» **Saved data entries**
══════════

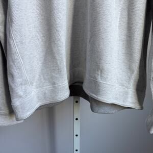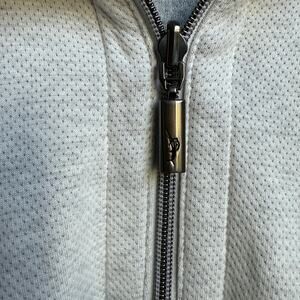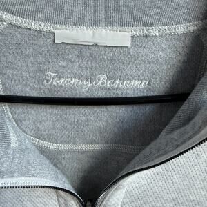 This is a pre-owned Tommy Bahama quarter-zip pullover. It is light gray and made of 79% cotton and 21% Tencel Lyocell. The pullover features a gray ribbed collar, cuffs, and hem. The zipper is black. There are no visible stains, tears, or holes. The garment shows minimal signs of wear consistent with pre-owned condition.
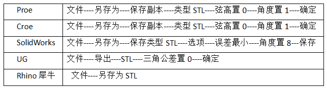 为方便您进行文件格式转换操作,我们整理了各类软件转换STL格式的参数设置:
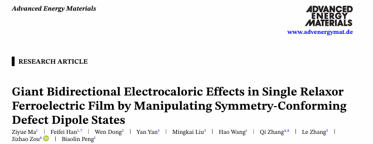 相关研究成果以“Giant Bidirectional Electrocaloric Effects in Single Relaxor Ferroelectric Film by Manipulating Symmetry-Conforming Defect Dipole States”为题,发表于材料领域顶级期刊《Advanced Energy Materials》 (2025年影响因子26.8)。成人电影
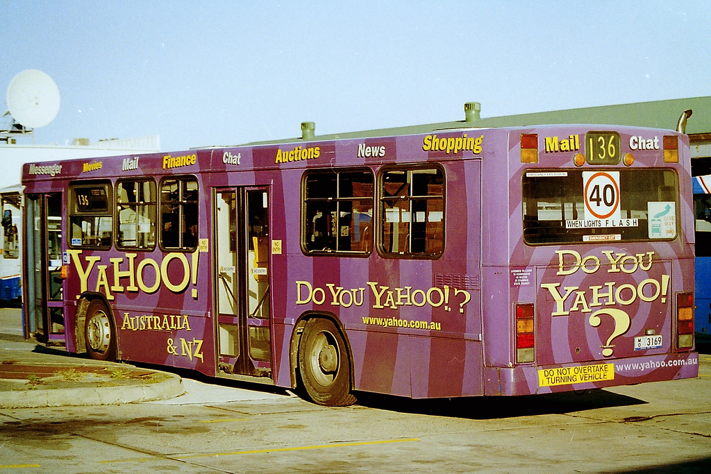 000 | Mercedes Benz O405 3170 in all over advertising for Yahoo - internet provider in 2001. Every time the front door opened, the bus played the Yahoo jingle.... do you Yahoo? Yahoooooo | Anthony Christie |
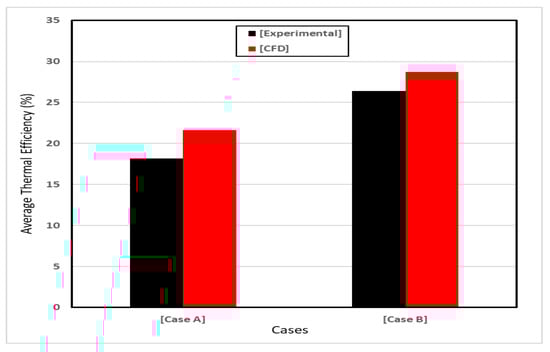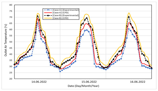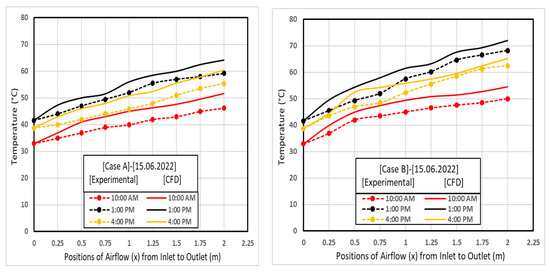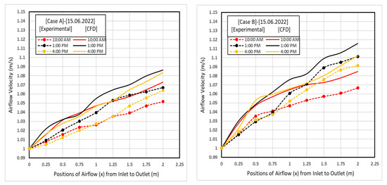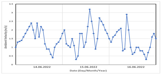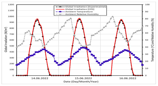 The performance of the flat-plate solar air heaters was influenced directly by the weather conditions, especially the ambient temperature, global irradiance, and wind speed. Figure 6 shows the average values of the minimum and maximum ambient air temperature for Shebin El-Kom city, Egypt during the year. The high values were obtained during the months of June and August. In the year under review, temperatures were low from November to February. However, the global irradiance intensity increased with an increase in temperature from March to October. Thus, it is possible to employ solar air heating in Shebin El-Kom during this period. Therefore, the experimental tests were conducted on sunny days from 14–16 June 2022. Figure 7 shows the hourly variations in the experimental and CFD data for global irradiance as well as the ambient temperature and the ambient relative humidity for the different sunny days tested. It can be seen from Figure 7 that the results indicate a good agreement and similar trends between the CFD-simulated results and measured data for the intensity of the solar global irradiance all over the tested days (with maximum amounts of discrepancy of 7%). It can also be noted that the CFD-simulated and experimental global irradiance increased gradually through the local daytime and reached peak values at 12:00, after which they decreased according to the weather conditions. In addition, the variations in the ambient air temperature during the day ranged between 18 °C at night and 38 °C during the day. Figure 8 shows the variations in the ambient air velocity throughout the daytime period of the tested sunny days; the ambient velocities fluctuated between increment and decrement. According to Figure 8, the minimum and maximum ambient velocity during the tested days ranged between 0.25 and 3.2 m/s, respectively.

══════════

» **WHAT YOU HAVE TO DO**
Restate the entries above word for word, minus the pictures.

» **THE ANSWER**
 This is a pre-owned Tommy Bahama quarter-zip pullover. It is light gray and made of 79% cotton and 21% Tencel Lyocell. The pullover features a gray ribbed collar, cuffs, and hem. The zipper is black. There are no visible stains, tears, or holes. The garment shows minimal signs of wear consistent with pre-owned condition.
 为方便您进行文件格式转换操作,我们整理了各类软件转换STL格式的参数设置:
 相关研究成果以“Giant Bidirectional Electrocaloric Effects in Single Relaxor Ferroelectric Film by Manipulating Symmetry-Conforming Defect Dipole States”为题,发表于材料领域顶级期刊《Advanced Energy Materials》 (2025年影响因子26.8)。成人电影
 000 | Mercedes Benz O405 3170 in all over advertising for Yahoo - internet provider in 2001. Every time the front door opened, the bus played the Yahoo jingle.... do you Yahoo? Yahoooooo | Anthony Christie |
 The performance of the flat-plate solar air heaters was influenced directly by the weather conditions, especially the ambient temperature, global irradiance, and wind speed. Figure 6 shows the average values of the minimum and maximum ambient air temperature for Shebin El-Kom city, Egypt during the year. The high values were obtained during the months of June and August. In the year under review, temperatures were low from November to February. However, the global irradiance intensity increased with an increase in temperature from March to October. Thus, it is possible to employ solar air heating in Shebin El-Kom during this period. Therefore, the experimental tests were conducted on sunny days from 14–16 June 2022. Figure 7 shows the hourly variations in the experimental and CFD data for global irradiance as well as the ambient temperature and the ambient relative humidity for the different sunny days tested. It can be seen from Figure 7 that the results indicate a good agreement and similar trends between the CFD-simulated results and measured data for the intensity of the solar global irradiance all over the tested days (with maximum amounts of discrepancy of 7%). It can also be noted that the CFD-simulated and experimental global irradiance increased gradually through the local daytime and reached peak values at 12:00, after which they decreased according to the weather conditions. In addition, the variations in the ambient air temperature during the day ranged between 18 °C at night and 38 °C during the day. Figure 8 shows the variations in the ambient air velocity throughout the daytime period of the tested sunny days; the ambient velocities fluctuated between increment and decrement. According to Figure 8, the minimum and maximum ambient velocity during the tested days ranged between 0.25 and 3.2 m/s, respectively.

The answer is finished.